We wrote a function. Now let’s test it by approximating:

\[ \int_{0}^{\pi} \sin(x) dx \]
integral_estimate = simpsons(np.sin,0,np.pi,pieces=3,graph=True)
print("Estimate is",integral_estimate,"while the actual value is 2")
../../_images/Intro-and-Newton-Cotes_82_0.png
Estimate is 2.000863189673536 while the actual value is 2

Home Activity

Recompute the integral estimate with 50 pieces. Store the answer in ans_biii_50.

### BEGIN SOLUTION
integral_estimate = simpsons(np.sin,0,np.pi,pieces=50,graph=True)
print("Estimate is",integral_estimate,"Actual value is 2")
ans_biii_50 = integral_estimate
### END SOLTUON
# Removed autograder test. You may delete this cell.

7.1.16. Error Analysis#

Home Activity

Run the code below.

pieces = 2**np.arange(0,6)
error = np.zeros(6)
count = 0
for p in pieces:
    error[count] = np.fabs(simpsons(np.sin,0,np.pi,pieces=p,graph=False) - 2.0)
    count += 1
h = np.pi/pieces
plt.loglog(h,error,'o-')
slope = (np.log(error[0]) - np.log(error[-1]))/(np.log(h[0]) - np.log(h[-1]) )
plt.title("Simpson's Rule Error: slope = " + str(slope))
plt.xlabel("h")
plt.ylabel("Absolute Error")
plt.show()
../../_images/Intro-and-Newton-Cotes_88_0.png

Simpson’s rule is fourth-order in the piece size. This means that every time I double the number of pieces the error goes down by a factor of \(2^4 = 16\).

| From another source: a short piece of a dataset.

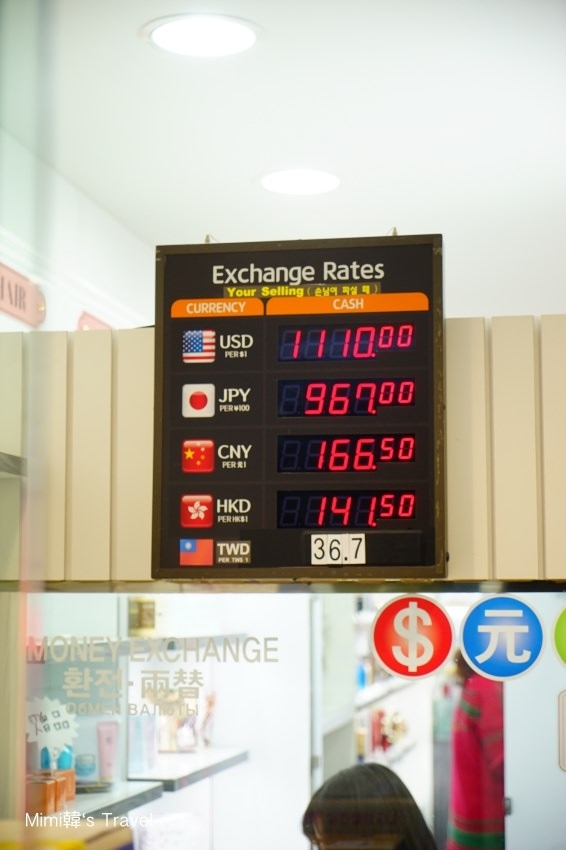 美金匯率1 : 1110(和其他間都一樣);台幣匯率1 : 36.7,也就是說同樣換10000台幣的話,這裏會比其他家換多出7000韓元,也是不無小補,但匯率是隨時變動的,不代表每次來換都一樣喲~

7.1.17. Another Example: Approximating \(\pi\)#

Class Activity

Run code below and discuss.

We can approximate \(\pi\) with the following integral:

\[ \int\limits_0^1 4 \sqrt{1-x^2}\,dx = \pi\]
integrand = lambda x: 4*np.sqrt(1-x**2)
simpsons(integrand,0,1,pieces = 4,graph=True) #actual value is 3.14159
../../_images/Intro-and-Newton-Cotes_93_0.png
3.1211891697754175

Most of the error comes at \(x=1\). This is because the derivative of \(\sqrt{1-x^2}\) is singular at \(x=1\), which makes it difficult to build an accurate polynomial approximation.